What would be the most efficient way of 1) Storing that game board and 2) Gathering the data from the said game board?
Thanks.

The trite answer is that at 7x6, it's not going to be a big deal: Unless you're on a microcontroller this might not make a practical difference. However, if you're thinking about this from an algorithm perspective, you can reason about the operations; "storing" and "gathering" are not quite specific enough. You'll need to think through exactly which operations you're trying to support, and how they would scale if you had thousands of columns and millions of pieces. Operations might be:
Read whether a piece exist, and what color it is, given its x and y coordinates.
When you add a piece to a column, it will "fall". Given a column, how far does it fall, or what would the new y value be for a piece added to column x? At most this will be height times whatever the cost of reading is, since you could just scan the column.
Add a piece at the given x and y coordinate.
Scan through all pieces, which is at most width times height times the cost of reading.
Of course, all of this has to fit on your computer as well, so you care about storage space as well as time.
Let's list out some options:
Array, such as game[x][y] or game[n] where n is something like x * height + y: Constant time (O(1)) to read/write given x and y, but O(width * height) to scan and count, and O(height) time to figure out how far a piece drops. Constant space of O(width * height). Perfectly reasonable for 7x6, might be a bad idea if you had a huge grid (e.g. 7 million x 6 million).
Array such as game[n] where each piece is added to the board and each piece contains its x and y coordinate: O(pieces) time to find/add/delete a piece given x and y, O(pieces) scan time, O(pieces) space. Probably good for an extremely sparse grid (e.g. 7 million x 6 million), but needlessly slow for 7x6.

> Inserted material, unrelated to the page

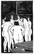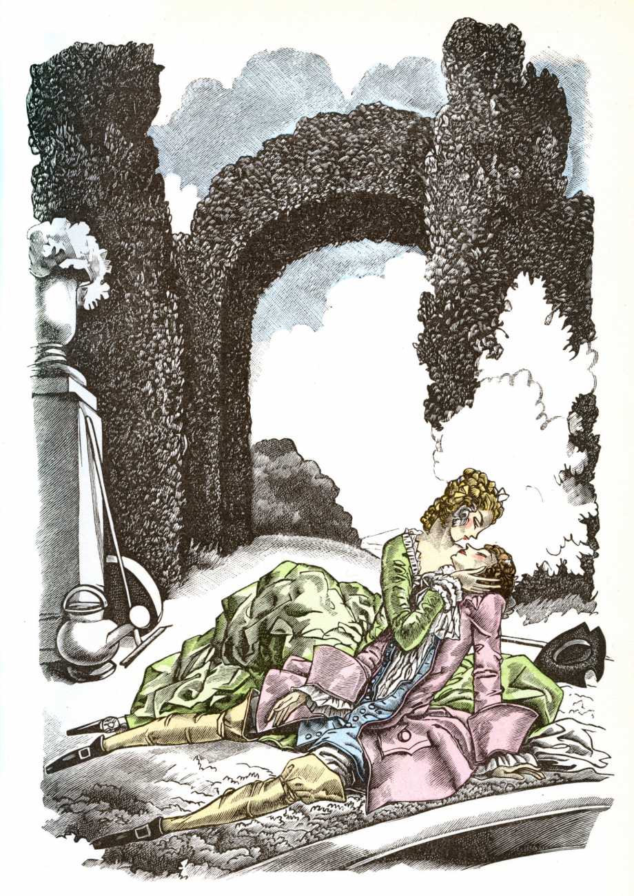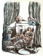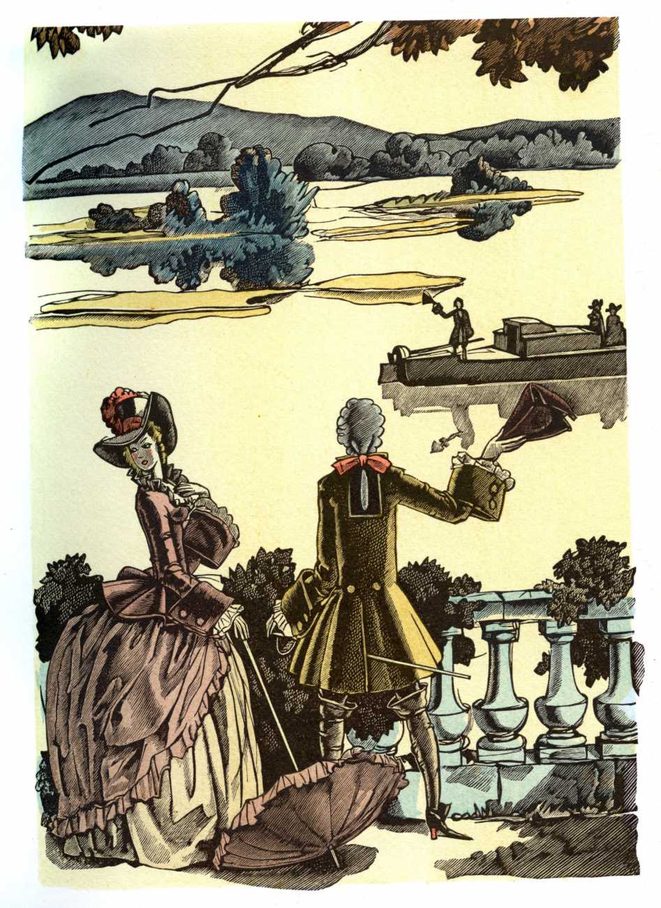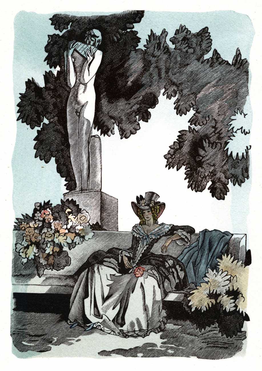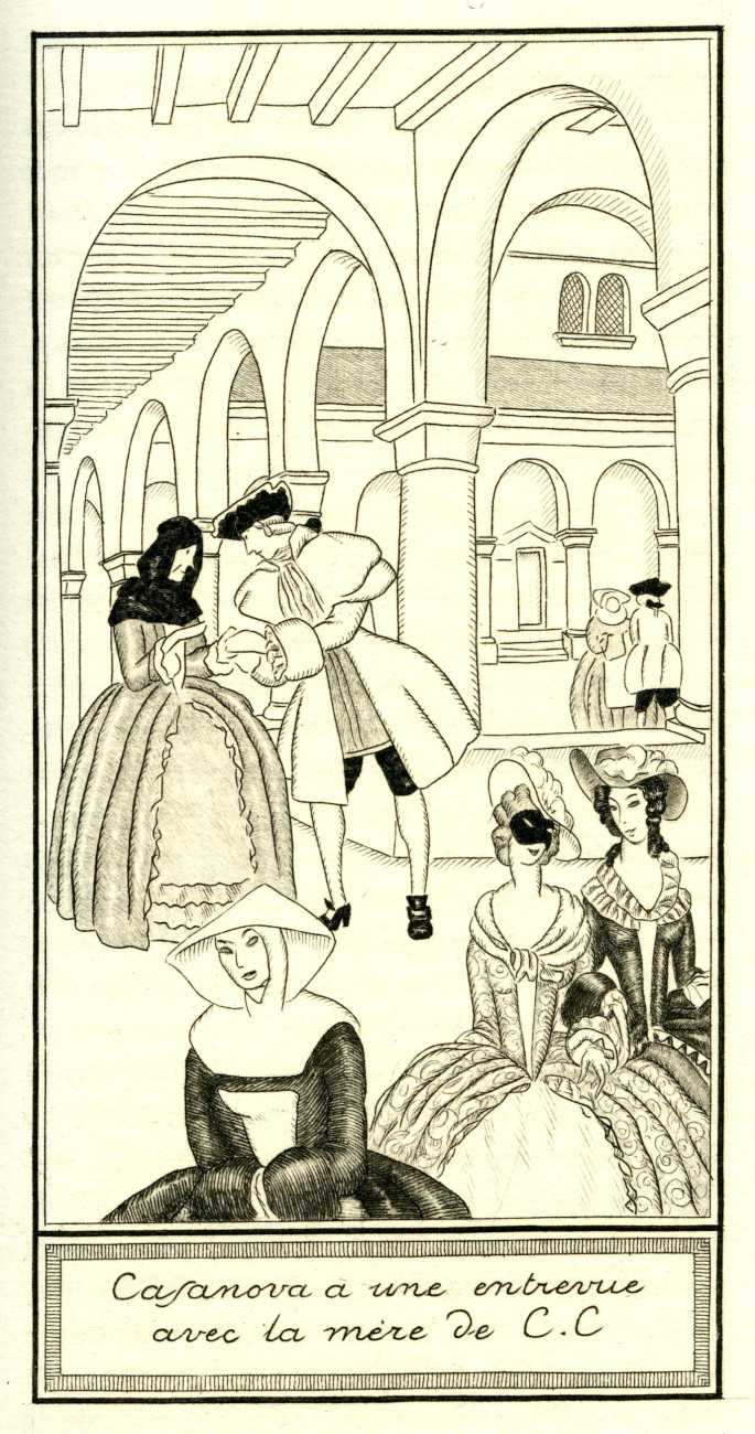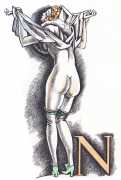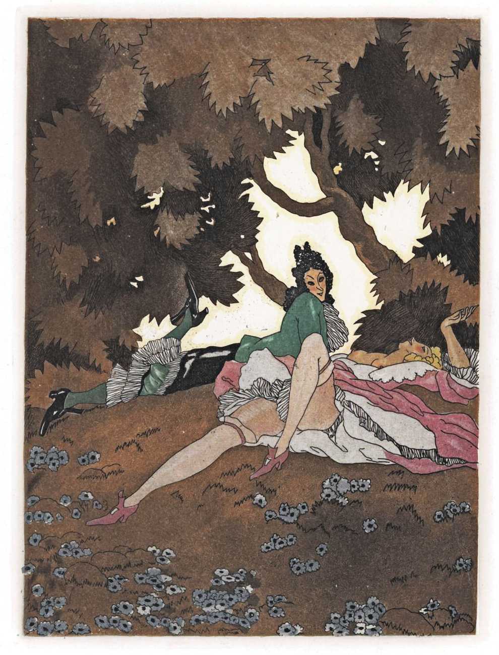 His first major artistic project was to illustrate the amorous adventures of Casanova, which started as a self-published portfolio and later as a book in collaboration with Paris publisher Paul Cotinaud. Une aventure de Casanova, which the demanding artist insisted should be produced to perfection, resulted in a range of different versions including some complex colour work. It is probably no coincidence that Sylvain Sauvage’s main body of erotic illustration coincided with his early years of marriage.

HashMap as Grant suggests, where the key is a Point data object you write that contains x and y. O(1) to read/write, O(height) to see how far a piece drops, O(pieces) time to scan, O(pieces) space. Slightly better than an array, because you don't need an empty array slot per blank space on the board. There's a little extra memory per piece entry for the HashMap key object, but you could effectively make an enormous board with very little extra cost, which makes this slightly better than option 1 if you don't mind writing the extra Point class.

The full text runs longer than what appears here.